Capt. John Alexander Humbird became the first Spokane soldier to earn the Distinguished Service Cross for “extraordinary heroism in action.”
The War Department’s citation said that Capt. Humbird led a group of men “through barbed wire entanglements in the face of machine gun fire and hand grenades” and “cleaned out a trench, capturing a strong enemy machine gun emplacement and its entire crew.”
U.S. forces subsequently captured the French town of Marcheville. Capt. Humbird then organized a machine gun position and antiaircraft gun position under heavy fire. When German forces briefly recaptured Marcheville, Capt. Humbird led his platoon in the counterattack.

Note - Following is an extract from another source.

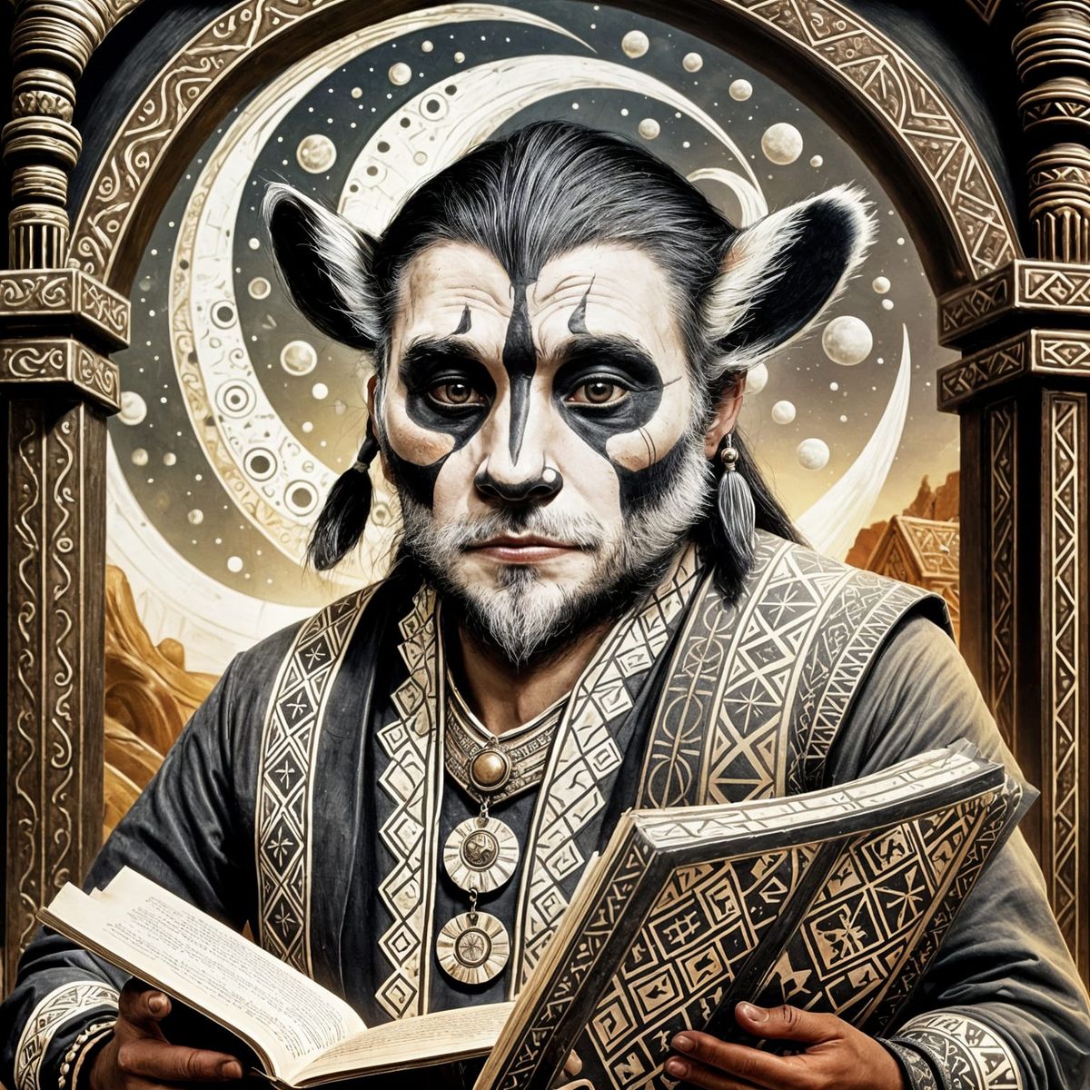 This image depicts a textured moonscape scene inspired by Aztec culture, featuring a figure with a low-poly, face-zero aesthetic in a style reminiscent of Rick Tulka's brushwork.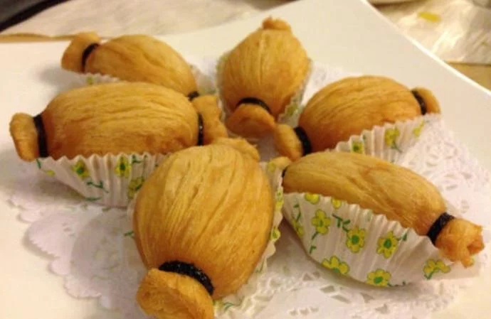 制法:1、白糖加入清水溶解,糯米粉与吉士粉混合,之后加入猪油、熟红薯蓉混合均匀后,角去强示出体每个30克。2、包入15克的木瓜馅做成瓜形,尾部插入西芹茎,用150度油温的花生油小火炸至色泽金黄、表皮松脆即可。

Because of his extraordinary performance, he was given a battlefield promotion from first lieutenant to captain. The medal citation also noted his courage and performance at Chateau Thierry.
Capt. Humbird, 30, worked in his father’s lumber operations in North Idaho before he was commissioned into the Army. He lived in Sandpoint for several years before moving to Spokane, where he planned to return after demobilization.
From the flu beat: City health officer Dr. J.B. Anderson reiterated his pledge to keep the partial ban on public gatherings in place until at least January.
Theater owners were gathering signatures on petitions to end the ban, but Dr. Anderson declared that these petitions “will come to naught.”
“There will be no Christmas or New Year’s celebrations this year if I can stop them,” he said.